━━ SOURCE DATA
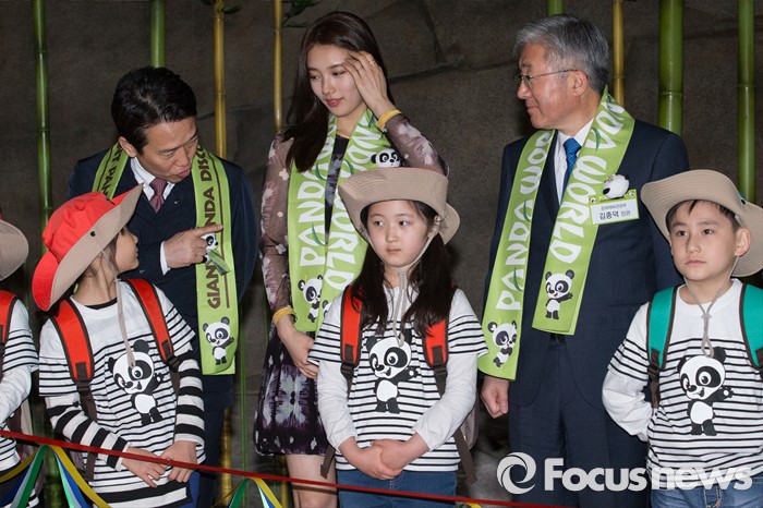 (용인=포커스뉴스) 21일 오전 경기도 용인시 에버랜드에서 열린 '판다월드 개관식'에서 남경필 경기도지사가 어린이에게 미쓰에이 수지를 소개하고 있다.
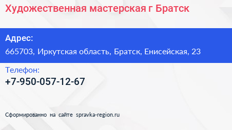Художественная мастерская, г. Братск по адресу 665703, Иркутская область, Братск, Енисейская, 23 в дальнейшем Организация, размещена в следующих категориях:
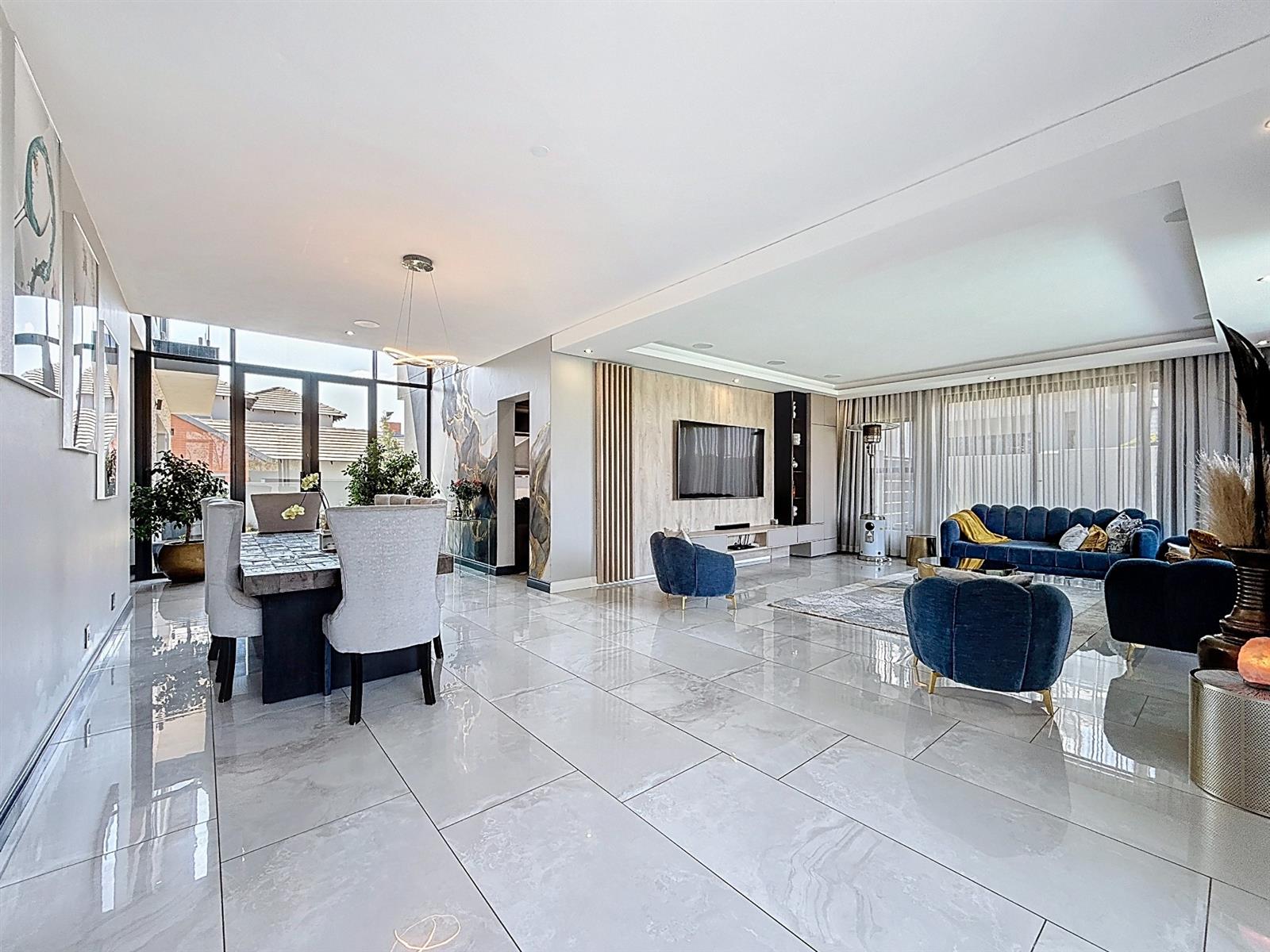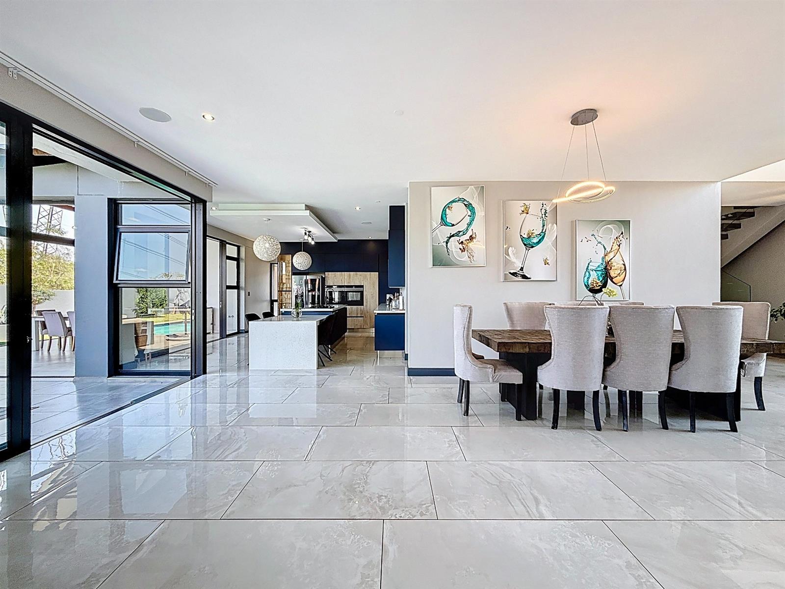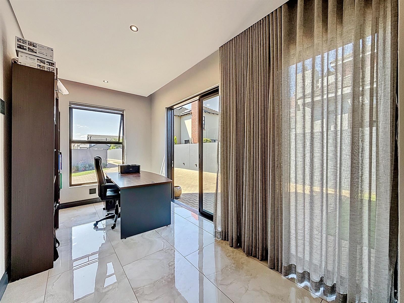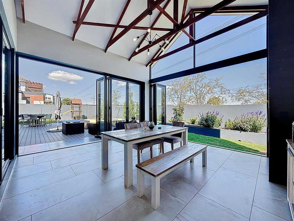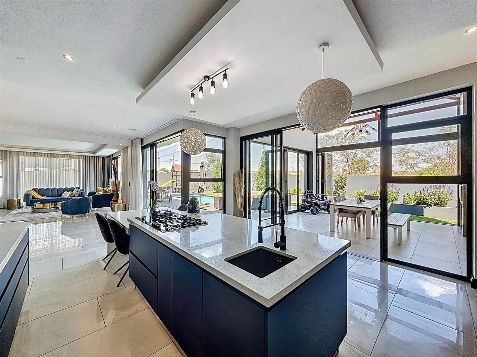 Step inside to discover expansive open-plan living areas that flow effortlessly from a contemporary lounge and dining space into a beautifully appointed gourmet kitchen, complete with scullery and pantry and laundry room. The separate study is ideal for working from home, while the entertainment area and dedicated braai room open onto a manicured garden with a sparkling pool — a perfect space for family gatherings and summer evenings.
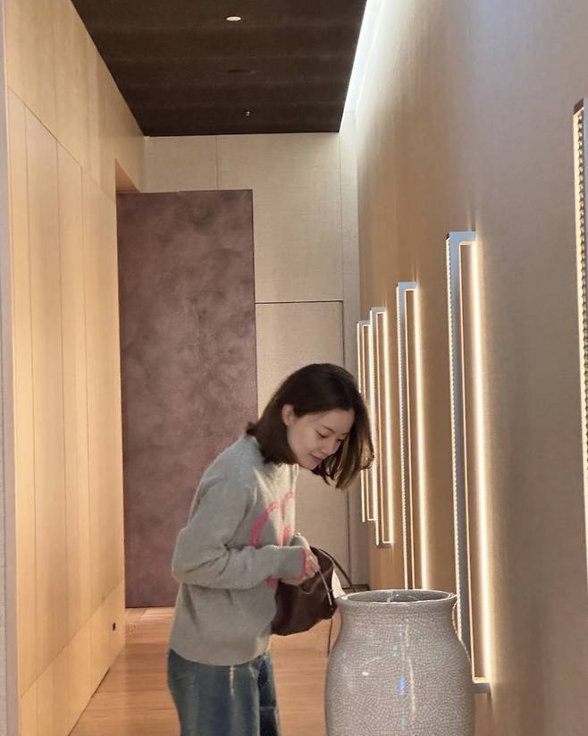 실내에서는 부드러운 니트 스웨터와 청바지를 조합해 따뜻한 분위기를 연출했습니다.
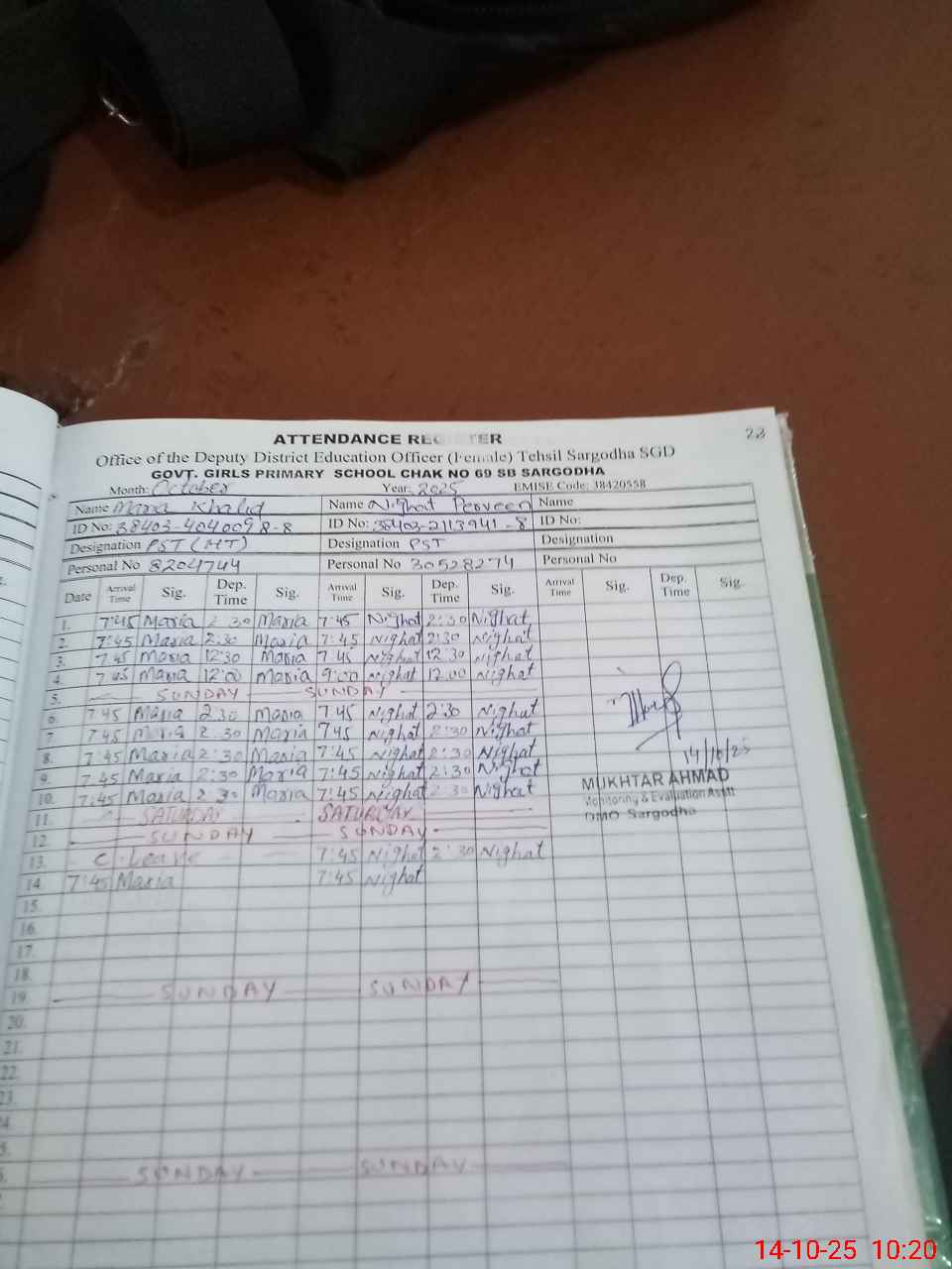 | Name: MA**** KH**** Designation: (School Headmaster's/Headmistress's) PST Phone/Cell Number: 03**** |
━━━━
** TASK TO CARRY OUT **
Each entry should be output word for word, with no pictures carried over.

** PROBLEM SOLUTION **
 (용인=포커스뉴스) 21일 오전 경기도 용인시 에버랜드에서 열린 '판다월드 개관식'에서 남경필 경기도지사가 어린이에게 미쓰에이 수지를 소개하고 있다.
Художественная мастерская, г. Братск по адресу 665703, Иркутская область, Братск, Енисейская, 23 в дальнейшем Организация, размещена в следующих категориях:
 Step inside to discover expansive open-plan living areas that flow effortlessly from a contemporary lounge and dining space into a beautifully appointed gourmet kitchen, complete with scullery and pantry and laundry room. The separate study is ideal for working from home, while the entertainment area and dedicated braai room open onto a manicured garden with a sparkling pool — a perfect space for family gatherings and summer evenings.
 실내에서는 부드러운 니트 스웨터와 청바지를 조합해 따뜻한 분위기를 연출했습니다.
 | Name: MA**** KH**** Designation: (School Headmaster's/Headmistress's) PST Phone/Cell Number: 03**** |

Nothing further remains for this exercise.